Noch weitergehend verzichtet DUCHAMP in seinen "ready mades" auf die Formung des Werkes. Stattdessen den Zufall als künstlerisches Produktionsprinzip zu proklamieren, hat auf andere Weise auch BRETON mit seinem "reinen psychischen Automatismus" betrieben, aus dem sich bald nach 1945 in Europa und Amerika Ausprägungen informeller Malerei entwickeln. Exemplarisch für die Situation um 1960 und zugleich ein weiterer wichtiger Schritt zur Aufhebung der künstlerischen Autorschaft sind die frühen Arbeiten von F.E. WALTHER. In ihnen werden elementare Materialprozesse so organisiert, daß diese sich eigengesetzlich zu einer Werkgestalt ausformen.

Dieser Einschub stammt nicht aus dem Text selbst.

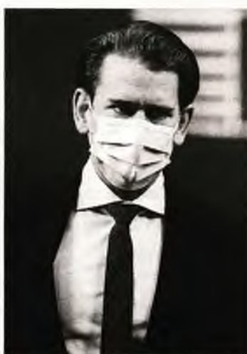
Σε καραντίνα η πρόεδρος της Ευρωπαϊκής Επιτροπής, Ούρσουλα φον ντερ Λάιεν, και ο καγκελάριος της Αυστρίας, Σεμπάστιαν Κουρτς.

Die den Materialien innewohnenden, zwangsläufig begrenzten und sich rasch erschöpfenden Formungsmöglichkeiten erweitert WALTHER bald durch die unerschöpfliche Selbsttätigkeit des zum Handeln mit seinen benutzbaren "Objekten" autorisierten Publikums. Das ausschließlich im Bewußtsein des Handelnden sich formierende immaterielle WERK erlangt eine bis dahin unerreichte Unabhängigkeit vom Geschmack des Künstlers. Bei dieser Kunstkonzeption werden die zu treffenden künstlerisch-praktischen Entscheidungen allemal als notwendig angesehen, da sie eben nicht mehr auf die subjektive Ausformung von Werkgestalten, sondern allein darauf gerichtet sind, den "Objekten" einen funktional-instrumentellen Charakter zu verleihen, der sie als Werk-Zeuge für das ästhetische Handeln der Rezipienten brauchbar macht. Die künstlerische Notwendigkeit bekommt so einen konzeptionellen, allein aus dem jeweiligen Kunstbegriff begründbaren, Charakter.

II) Heute

Die Kunst der Moderne war von der Überzeugung getragen, daß in allen sie ermöglichenden und von den Künstlern als Kriterien für ihre Formentscheidungen aufgebotenen Notwendigkeiten "die geistige Kraft des Objektiven ... zum Ausdruck" (9) kommt. Insofern gingen die zumeist aus weltanschaulichen, wissenschaftlichen oder ideologischen Programmen und dann schließlich aus Kunstkonzepten abgeleiteten künstlerischen Notwendigkeiten stets mit einem Absolutheitsanspruch einher, der nichts anderes neben sich zuließ. Dem Geschichtsmodell einer linearen und progressiven Entwicklung folgend, gab es immer nur die je eine absolut avantgardistische Position, von der die früheren künstlerischen Avantgarden auf die Plätze verwiesen und andere Kunstvorstellungen unmöglich gemacht wurden. Die Auffassung, daß der jeweils letzte avantgardistische Wurf alle früheren Positionen in sich aufhebe - in des Wortes dreifacher Bedeutung von bewahren, überwinden und erhöhen - sicherte die Kontinuität und Stimmigkeit des Avantgardeprinzips.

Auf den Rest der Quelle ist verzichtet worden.